Introduction: The rate of secondary attacks of SARS-COV-2 is high among household close contacts. Social distancing, isolation and infection control measures are important for preventing exposure to infection, but insufficient. Aim: The study aimed to evaluate possible role of oral ivermectin as a chemoprophylaxis in asymptomatic family close contacts with COVID-19 patients. Materials and Methods: A prospective interventional randomised open label-controlled study was conducted (registered at clinicaltrials.gov; NCT04422561) during June and July 2020. Two arms were designed according to use of ivermectin. In ivermectin arm, contacts received ivermectin according to Body Weight (BW) on day of the diagnosis of their index case.
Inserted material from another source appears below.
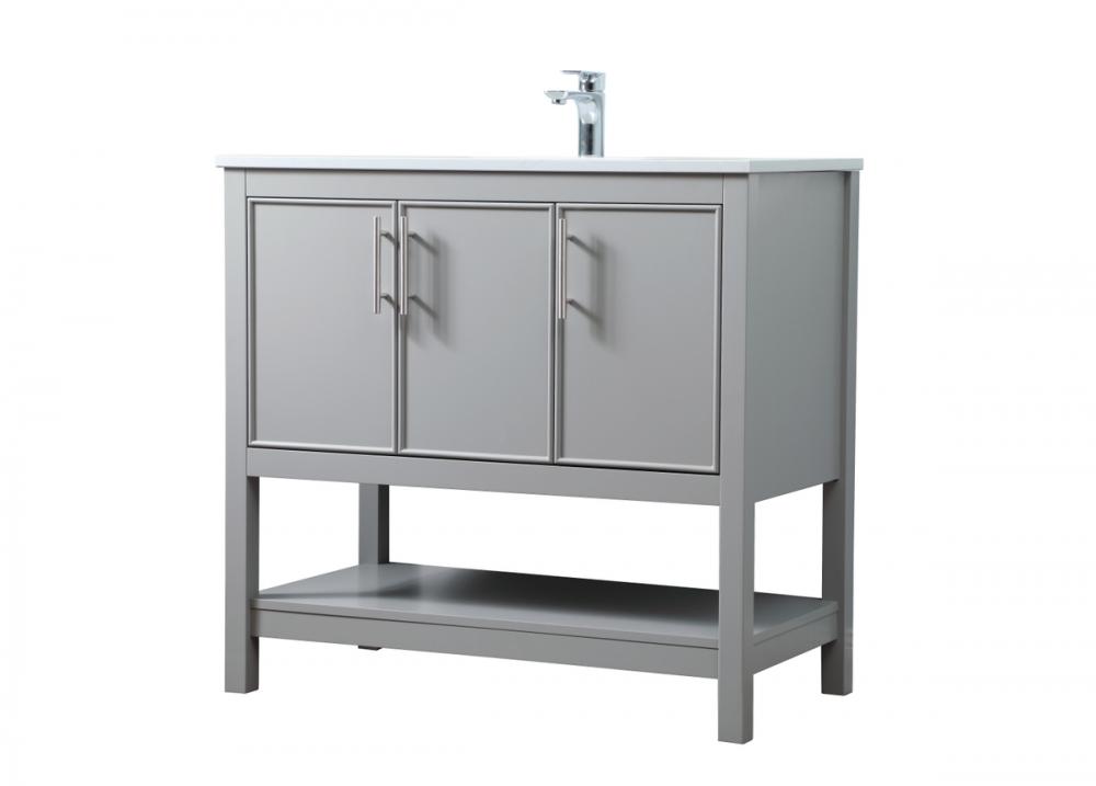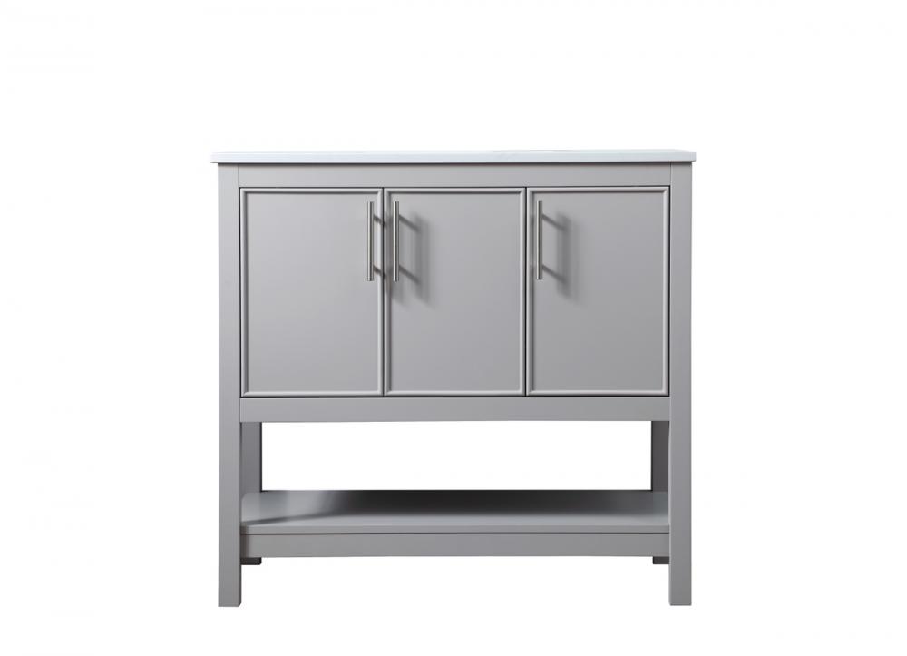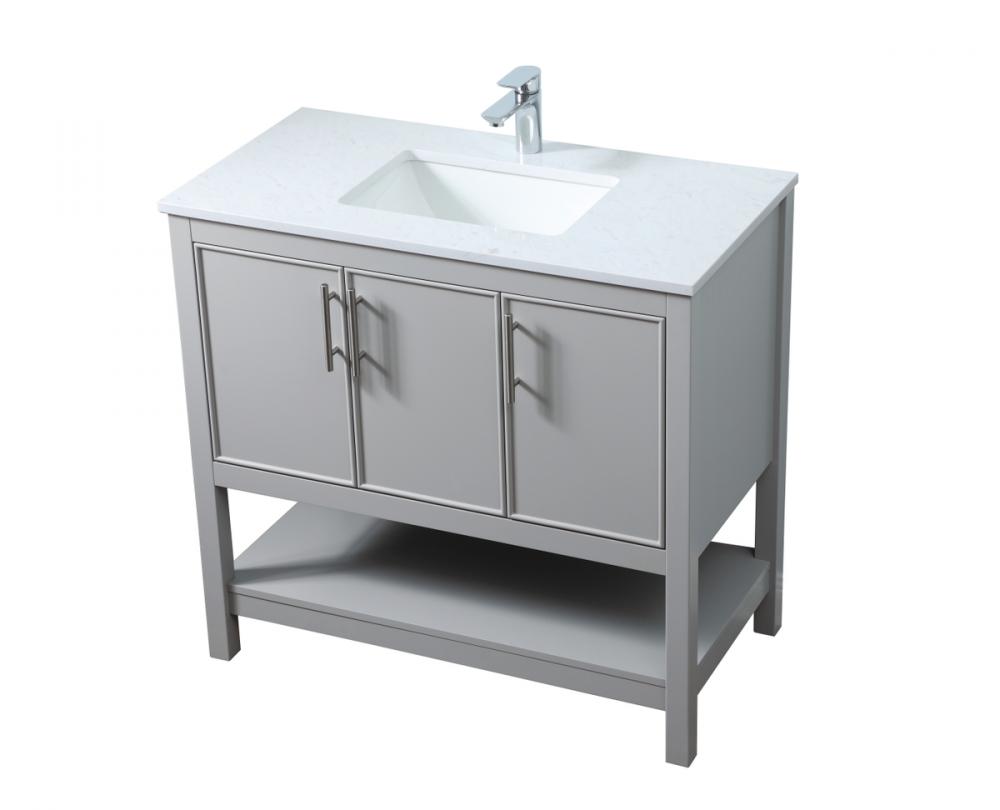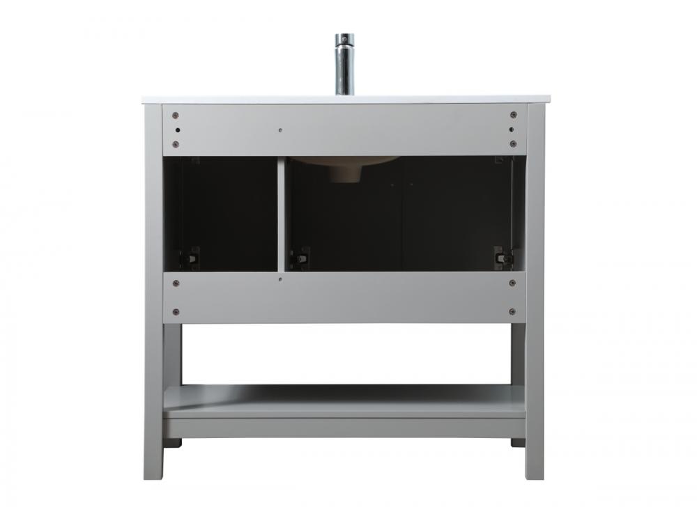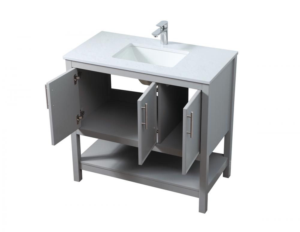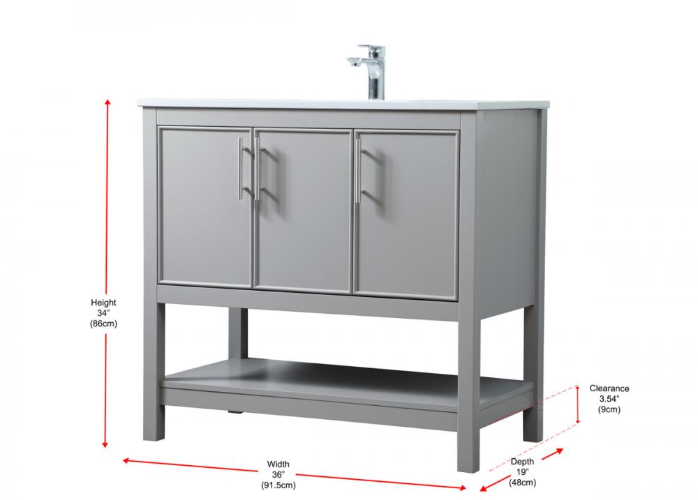 Experience the epitome of modern elegance with our meticulously crafted 36-inch vanity. Boasting a chic straight edge cut and an engineered marble top, this design features two functional cabinets with two soft-close doors, ensuring seamless and stylish access to ample storage. The vanity is complemented by a sophisticated undermount porcelain sink, merging style with practicality for an elevated bathroom experience. Adorned with sleek pulls and featuring a lower open shelf, it seamlessly combines contemporary aesthetics with functional design. Additionally, the single pre-drilled hole allows for easy faucet personalization, adding a final touch of elegance to your unique bathroom. Redefine your space with this versatile and stylish addition.

The non-intervention group received no treatment. Both groups were followed-up for two weeks for development of symptoms suggestive of COVID-19. Results: Ivermectin group included 203 contacts (to 52 index cases) aged 39.75±14.94 years; 52.2% were males. Nonintervention group included 101 contacts (to a total of 24 index cases) aged 37.69±16.96 years, 49.5% were males. Fifteen contacts (7.4%) developed COVID-19 in the ivermectin arm compared to 59 (58.4%) in the non-intervention arm (p<0.001). The protection rate for ivermectin was more prominent in contacts aged less than 60-year-old (6.2% infected compared to 58.7% if no treatment). Ivermectin in the protection against SARS-CoV-2 infection had an OR of 12.533 and 11.445 (compared to nontreatment) in both univariate and multivariate models, respectively. Side effects of ivermectin were reported in 5.4%; they were mild. Conclusion: Ivermectin is suggested to be a promising, effective and safe chemoprophylactic drug in management of COVID-19.